→ Required action:
Could you write out every record below exactly, leaving the pictures out?

◆ ◆ ◆ ◆ ◆ ◆ ◆

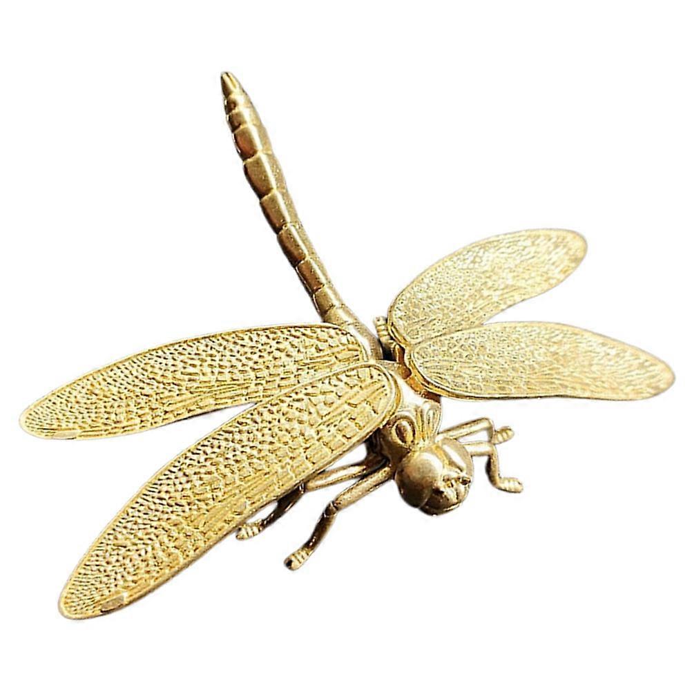 Golden Mini Brass Dragonfly Figurine for Decoration 1 Piece Vintage Brass Statue
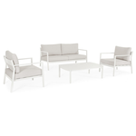 Struttura in alluminio verniciato a polvere (Poliestere). Cuscini seduta e schienale sfoderabili con tessuto idrorepellente Spunpoly (100% Poliestere). Piedini regolabili. Gambe tavolino (viteria in acciaio inossidabile) da assemblare
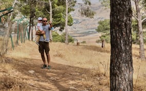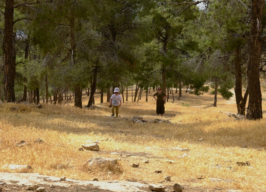 Die Suche nach einem freien Plätzchen treibt uns bis zum höchsten Punkt des Berges. Weiter geht es nicht mehr, ein Tor verschließt hier die Weiterfahrt. Es ist so windig hier, dass Johanna ihre Mütze teilweise festhalten muss. Viel kühler als in Amman ist und sooooo gut riecht es hier. Wir wandern einen kleinen Weg tiefer in den Wald hinein. Wunderschön. Tobias träumt davon, hier noch einmal vor Sonnenaufgang mit seinem Mountainbike hinzukommen.
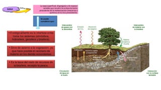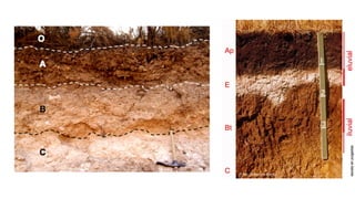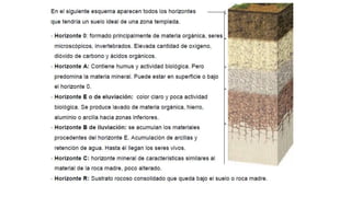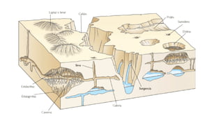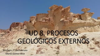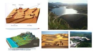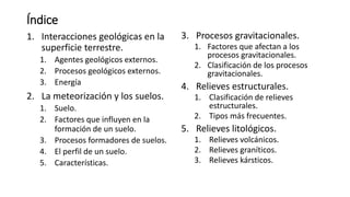 Este documento describe los procesos geológicos externos que ocurren en la superficie terrestre. Explica los agentes geológicos externos como la atmósfera, hidrosfera y biosfera. Describe procesos como la meteorización, erosión, transporte y sedimentación. También habla sobre la formación de suelos y los factores que influyen en ella, así como los procesos gravitacionales.
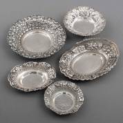 Vijf BWZG Djokja schaaltjes, waaronder één met hengsel, gewicht 411 gram, grootste Ø 16,5 cm
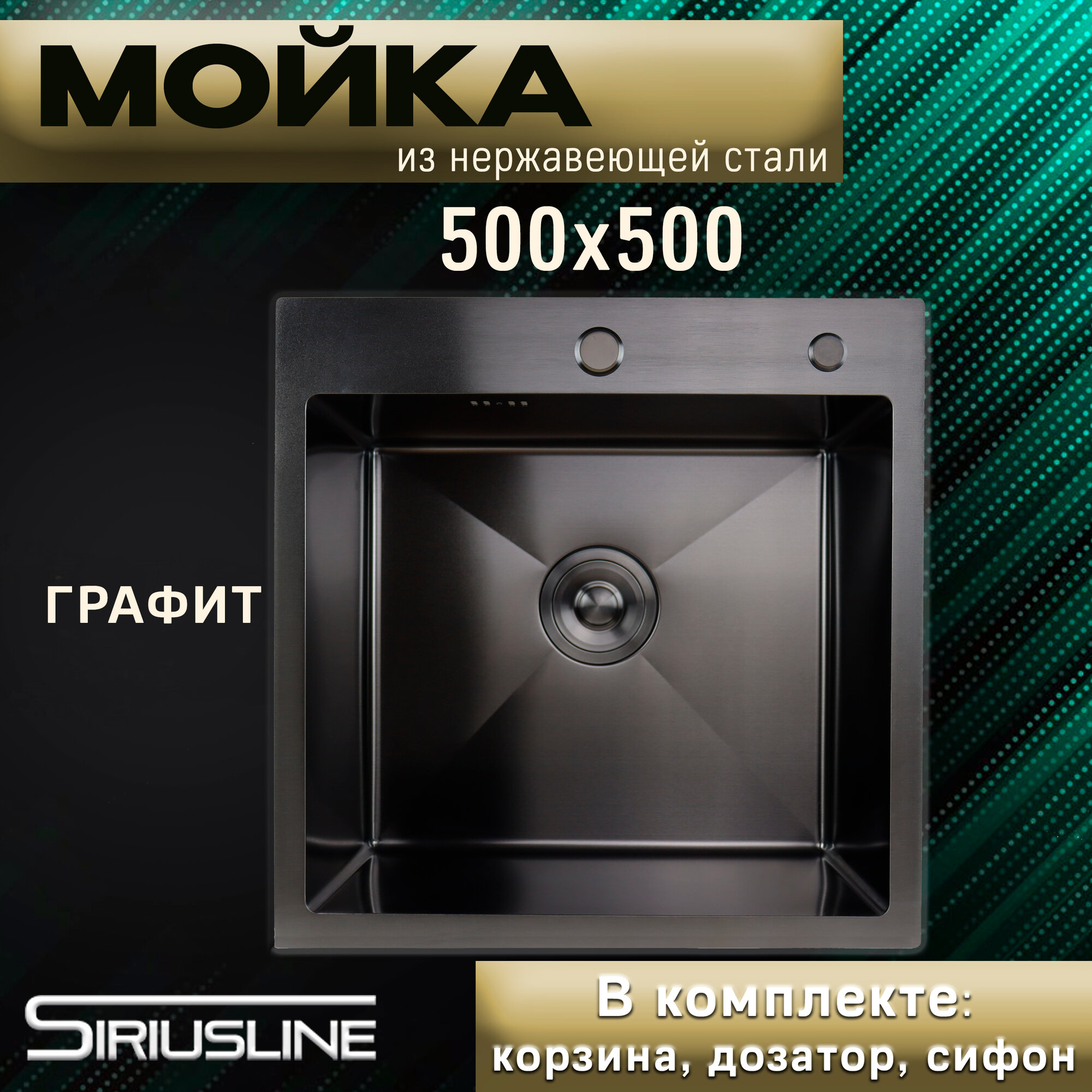 Мойка SIRIUSLINE Premium 50х50 из нержавеющей стали Графит SL5050G (в комплекте с коландером, врезным дозатором, и сифоном) толщина стали 3 мм

◆ ◆ ◆ ◆ ◆ ◆ ◆

→ Task answer:
 Golden Mini Brass Dragonfly Figurine for Decoration 1 Piece Vintage Brass Statue
 Struttura in alluminio verniciato a polvere (Poliestere). Cuscini seduta e schienale sfoderabili con tessuto idrorepellente Spunpoly (100% Poliestere). Piedini regolabili. Gambe tavolino (viteria in acciaio inossidabile) da assemblare
 Die Suche nach einem freien Plätzchen treibt uns bis zum höchsten Punkt des Berges. Weiter geht es nicht mehr, ein Tor verschließt hier die Weiterfahrt. Es ist so windig hier, dass Johanna ihre Mütze teilweise festhalten muss. Viel kühler als in Amman ist und sooooo gut riecht es hier. Wir wandern einen kleinen Weg tiefer in den Wald hinein. Wunderschön. Tobias träumt davon, hier noch einmal vor Sonnenaufgang mit seinem Mountainbike hinzukommen.
 Este documento describe los procesos geológicos externos que ocurren en la superficie terrestre. Explica los agentes geológicos externos como la atmósfera, hidrosfera y biosfera. Describe procesos como la meteorización, erosión, transporte y sedimentación. También habla sobre la formación de suelos y los factores que influyen en ella, así como los procesos gravitacionales.
 Vijf BWZG Djokja schaaltjes, waaronder één met hengsel, gewicht 411 gram, grootste Ø 16,5 cm
 Мойка SIRIUSLINE Premium 50х50 из нержавеющей стали Графит SL5050G (в комплекте с коландером, врезным дозатором, и сифоном) толщина стали 3 мм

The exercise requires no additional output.